Too many food options around the world are unhealthy. Meanwhile, eastern Mediterranean diet comes from their local gardens. We should eat like this as well.

Meze Restaurants: My mom and I tried the traditional Cyprian way of eating at a wonderful restaurant called 7 St. Georges Tavern. They served us small plates consisting of many different dishes. Cold dishes carried small servings of olives, artichokes, marinated beets, and pickled capers. A round loaf of fresh baked grainey bread filled a basket. The meat dishes included chicken, lamb and octopus. We washed it all down with red table wine made from homegrown grapes.

My favorite part of the restaurant was its concept: No menus and no limits. Simply the waiter – the chef-owner George’s son – asked if we had any dietary restrictions. After that, delicious small dishes flowed out of the kitchen at a slow pace until we said stop. The Meze menu changes daily depending what is fresh and in stock.

Restaurants with extensive menus bother me. How do I know what is fresh and good? Chefs should know best. At St. George’s, the chef-owner leads guests through the local cuisine. I love this style because I try foods that I’d normally never order. In this case, it was the chicken liver pate which was delicious.
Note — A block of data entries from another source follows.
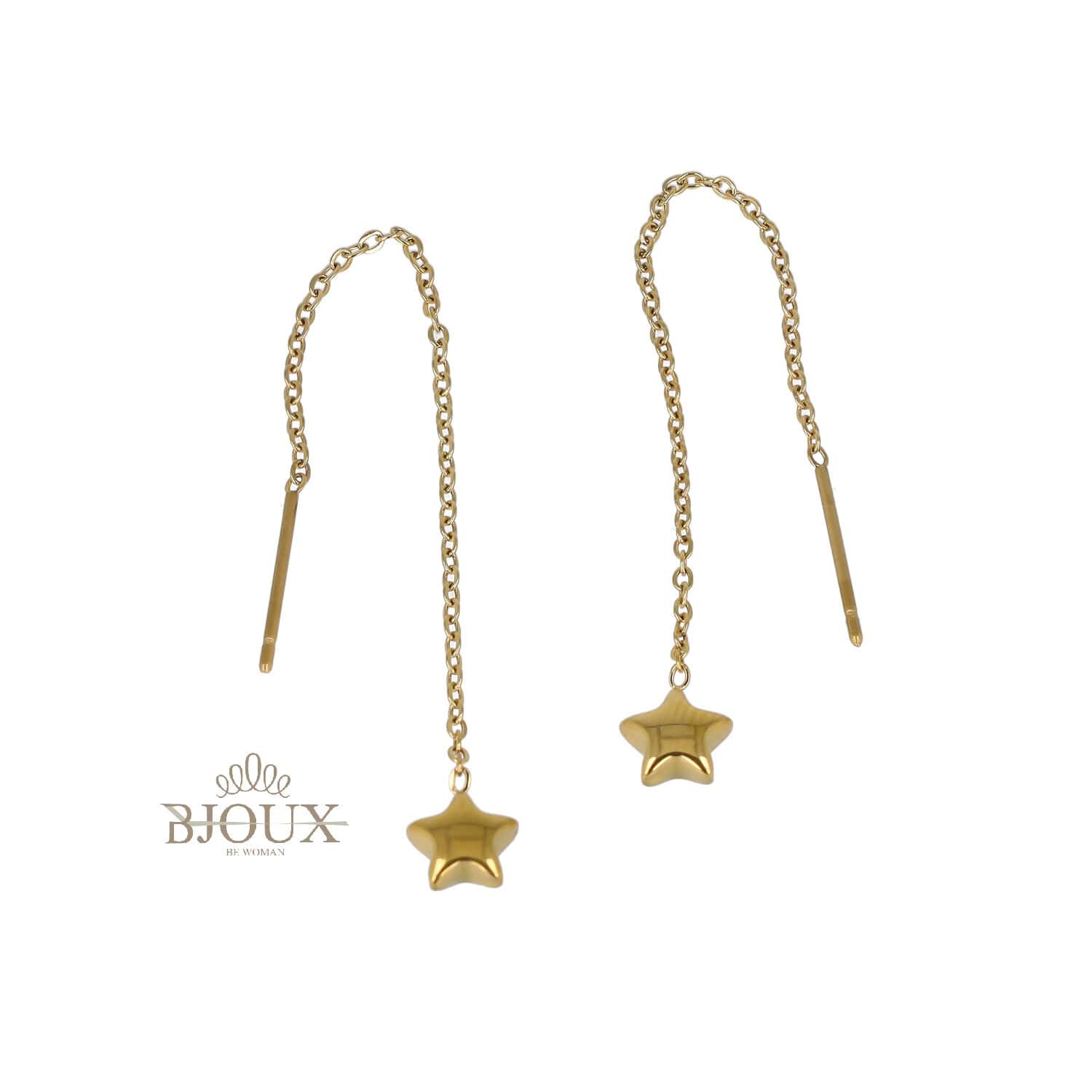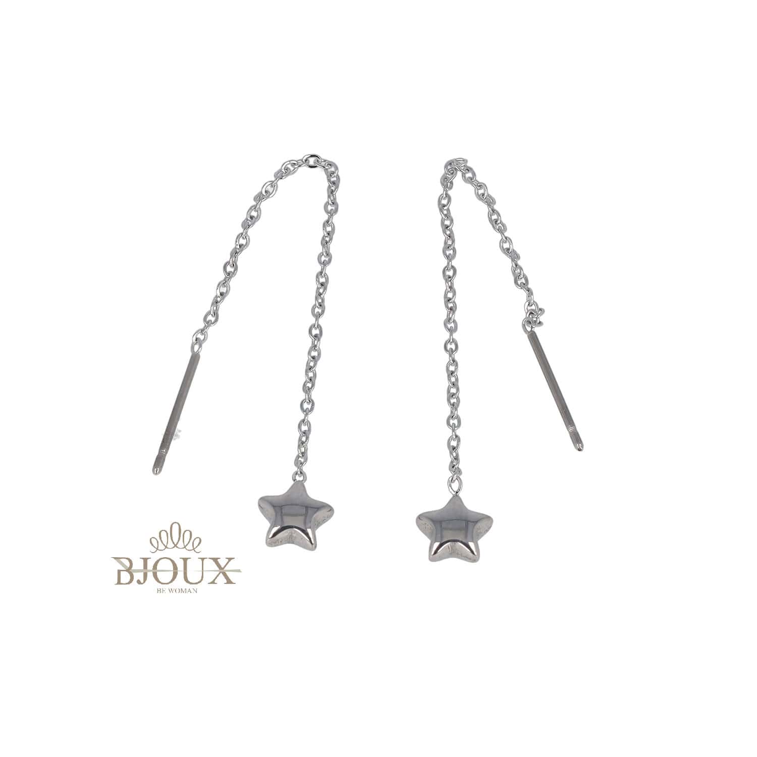 Orecchini di bigiotteria donna in acciaio inossidabile anallergico. Saliscendi con catenina, lung.7 cm con piccola stellina in acciaio
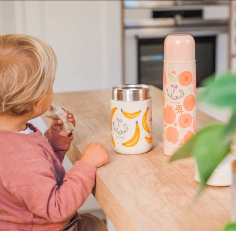 De acero inoxidable que aguanta la temperatura hasta 6 horas frío/calor. Llevarte la toma del bebé cuando sales de paseo o para dejar preparadas las tomas nocturnas en casa y así evitar su preparación en mitad de la noche.
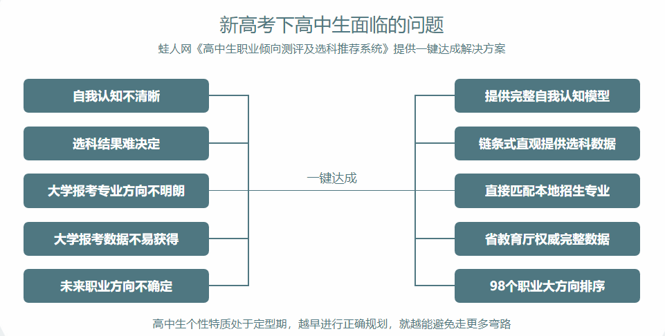產品詳細介紹《高中生職業傾向測評及選科推薦系統》全國首創,配合山東省教育廳獨立研發。引進國外先進理論進一步融合,測評工具更科學。獲山東省教育廳及多所高中名校首肯與推薦。著眼于學生的個性,客觀理性幫住學生選擇適合科目。自2018年正式面市以來,由省內外55萬高中生親測,近500所高中學校實際檢驗,蛙人網進入40多所高中學校全方位指導,面向省內外各市教育局開展系統培訓說明會達20余次。 《慧眼識鷹》課程延伸: 蛙人網開放與有意向的學校、老師和社會教育機構及人員合作,以《慧眼識鷹》作為基礎工具,進行個性化教學系統的研發,旨在通過個性 化的教育讓學生輕松快樂應對學習,同時普遍提高學習成績。 《慧眼識鷹》貫穿企業、學校、家庭,主講佟翔天老師擁有多年企業指導經驗,可快速讓學員達成更深度的社會認知。并且蛙人網可根據學 員需求,牽線邀請眾多領域職業專家,為學員解讀各職業所需技能、特質、狀態等,直擊社會各類職業真實狀態,彌補部分老師、家長在指 導學生選科及職業生涯規劃中的經驗不足。為教師和家長提供一整套完善的日常管理和指導提升學生的工具。 有意向者可聯系:4000600062 |
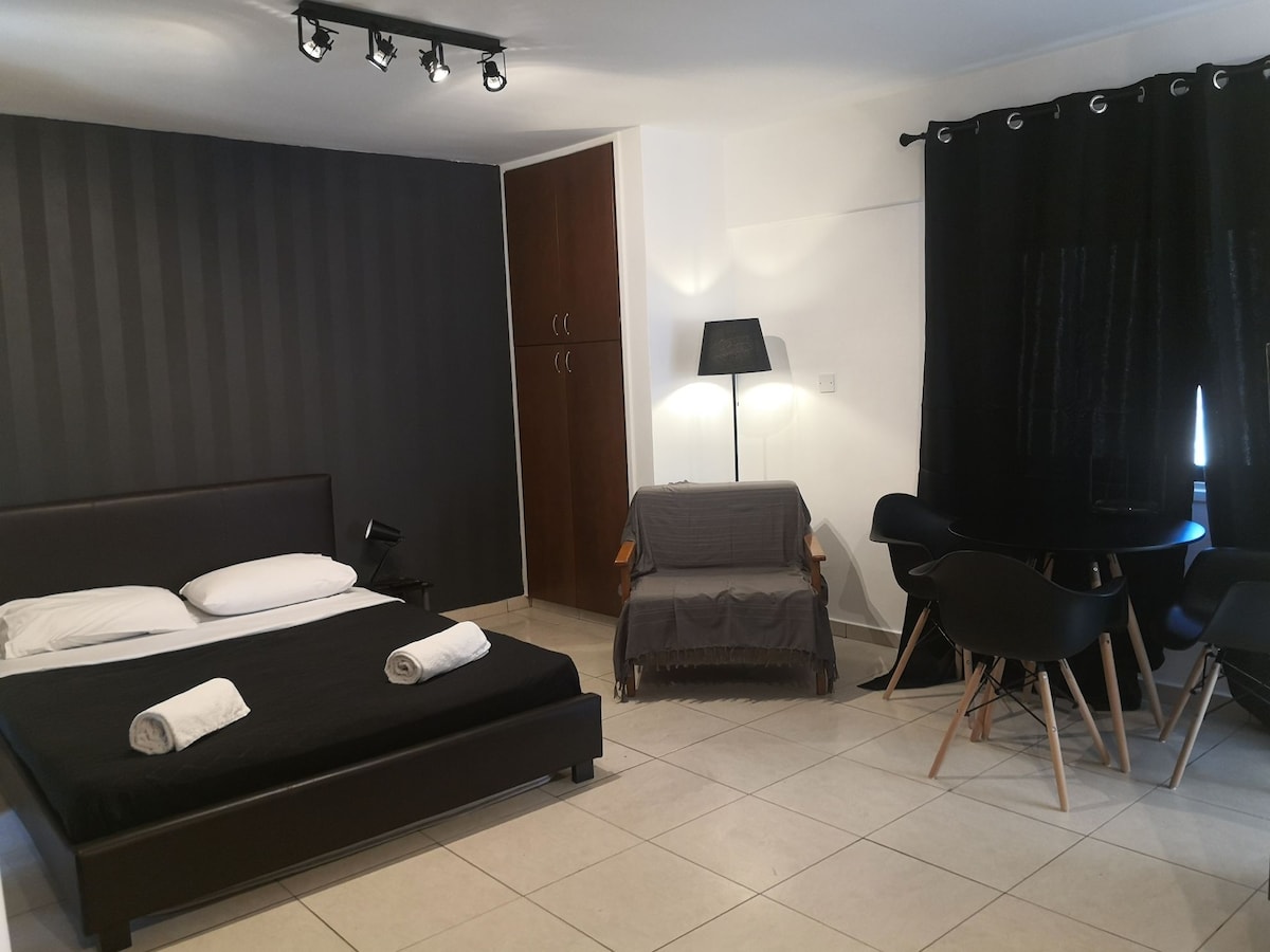 Kick back and relax in this calm, stylish space. Our sunny studio oasis is perfectly located in a quiet residential building in central Larnaca. Enjoy easy access to the Metropolis Mall and the beautiful Larnaca Finikoudes beach, just a 5 minute drive away. The airport is conveniently situated a short 12-minute drive from your doorstep. Our apartment is an ideal base for exploring all that Larnaca offers, with easy access to highways connecting you to Nicosia, Limassol, and Ayia Napa.

Oceanfront Walkways: Cyprus has miles and miles of a pedestrian oceanfront path. The path runs directly along the Mediterranean. There are no hotels built in front of it. There are no highways nearby. Just a never ending ocean view, and the sounds of the sea. A glorious walk we did daily.

Lovely walking paths like these encourage pedestrianism. They are a public good. Everyday, we saw Cyprians walking along the path, both young and old. I wish there were many more of them around the world.

We are now in Sicily. From here, we’ll hug the temperate coastline until there are signs of spring. We’re convinced that the European groundhog will see his shadow indicating an early spring. Until next time…

This post was written by

Evan Terry Forbes – who has written posts on Eye On The Road.
I'm working on my third book, Travels With My Mother. It's the story of our trip around the world.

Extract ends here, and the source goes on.